Existem muitos tipos de análises de forças estáticas, que pouco ajudam quando uma dessas forças cresce com uma magnitude '10X'. Vou-me basear numa dessas análises, a de Porter, e as forças são:
· Poder, vigor e competência dos concorrentes existentes.
· Poder, vigor e competência dos nossos fornecedores.
· Poder, vigor e competência dos nossos clientes.
· Poder, vigor e competência de potenciais competidores.
· Substituição - Possibilidade do produto ou serviço poder ser feito de um modo diferente. Este factor é provavelmente o mais importante de todos. Novas técnicas, novas tecnologias podem descontrolar a velha ordem e impor um novo conjunto de regras.
Recentes modificações da teoria competitiva chamaram a atenção para uma sexta força:
· A força das empresas complementares.
Empresas complementares são outras empresas a quem os clientes compram produtos complementares ao nosso. Computadores precisam de software; software precisa de computadores. Estas empresas complementares podem ser consideradas companheiras de negócio. Os produtos suportam-se uns aos outros.

Fig. I.2.1 - Diagrama com as seis forças.
Quando uma mudança na forma como um elemento da empresa é conduzido torna-se de uma magnitude muito maior do que essa empresa estava habituada, todas as apostas perdem sentido. Existem ondas e depois tufões. Existem forças competitivas e depois forças super-competitivas. Eu chamarei a uma mudança tão grande em uma destas seis forças uma mudança '10X', sugerindo que a força é dez vezes superior ao que era recentemente.
Quando um negócio se vê confrontado com uma força desta magnitude, as mudanças que enfrenta são enormes. Face a esta força '10X' perde-se o controlo sobre o destino. Acontecem coisas que nunca aconteciam antes, a empresa já não responde ás acções dos seus gestores tal como fazia antigamente. É a momentos como este que se adapta a expressão 'Algo mudou'.
Gerir uma empresa face a uma força '10X' é muito, muito difícil. A empresa responde de maneira diferente a acções de gestão habituais. Perdemos o controle e não sabemos como voltar a adquiri-lo. Eventualmente, poder-se-á chegar a um novo equilíbrio no sector em causa. Algumas empresas serão mais fortes, outras serão mais fracas. De qualquer forma, o período de transição é particularmente confuso e imprevisível.
Ninguém vai tocar um sino para chamar a tua atenção para o facto de estares a entrar numa transição destas. É um processo gradual, as forças começaram a crescer e, as características da empresa começam a mudar. Só o início e o fim desta fase são claras, o período de transição é gradual e confuso.
O que uma transição destas faz a uma empresa é profundo, e a forma como a empresa lida com esta transição determina o seu futuro.

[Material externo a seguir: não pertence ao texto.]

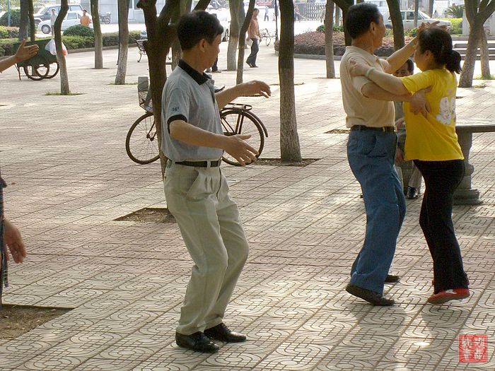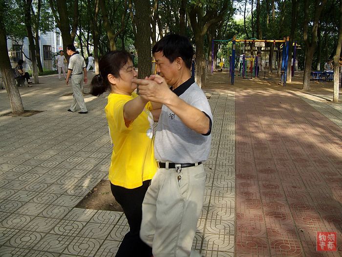 终于被洁屏发现了,为了方便我拍照,他们立即大方而又熟练地跳起了慢三,我于是再抓紧拍了几张,心中暗暗祝福他们永葆青春活力,健康幸福!
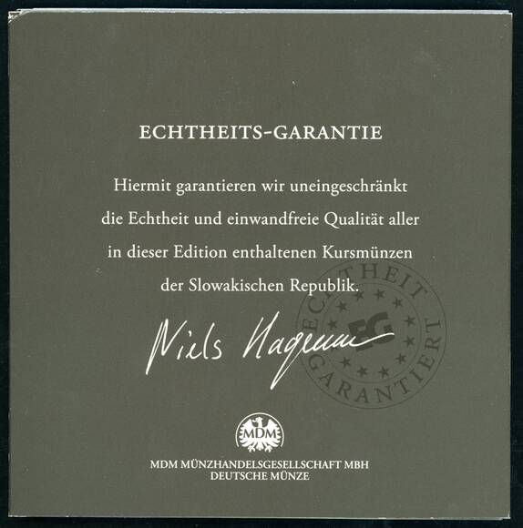 Dazu ein Kursmünzsatz mit den alten Kursmünzen der Slowakei in alter Währung

Eu gosto de descrever este fenómeno como sendo um 'ponto de inflexão estratégico'.
O que é um ponto de inflexão? Em termos físicos, é o ponto onde a curva muda de convexo para côncavo, ou vice-versa, é o ponto no qual a curva pára de curvar num sentido para passar a curvar no outro.
Um ponto de inflexão ocorre quando a figura da velha estratégia se dissolve e dá lugar á nova, permitindo ao negócio aspirar a novas ambições. De qualquer forma, se não se navega correctamente através do ponto de inflexão, atinge-se um pico e entra-se em declínio. É á volta deste ponto de inflexão que a gestão se torna confusa e que se observa, 'As coisas são diferentes. Algo mudou'.
De outro modo, um ponto de inflexão estratégico é quando a relação de forças de uma velha estrutura, os velhos modos do negócio, os velhos modos de competição, mudam para os novos. Antes do ponto de inflexão estratégico a indústria simplesmente era mais como a antiga. Depois dele, é mais como a nova. É um ponto onde a curva subtilmente mas profundamente mudou, nunca voltando a ser o que era.
Como é que nós sabemos que um conjunto de características corresponde a um ponto de inflexão estratégico?
Muitas vezes o reconhecimento é feito por fases. Primeiro, a sensação de que algo é diferente, algo não funciona como de costume. Depois, dissonância entre o que a empresa pensa que está a fazer e o que está a acontecer no seu interior. Posteriormente, uma nova estrutura do sector do negócio surge.
Quando tu és apanhado por um ponto de inflexão estratégico, o instinto e o julgamento é tudo o que tu tens para te conduzir através dele.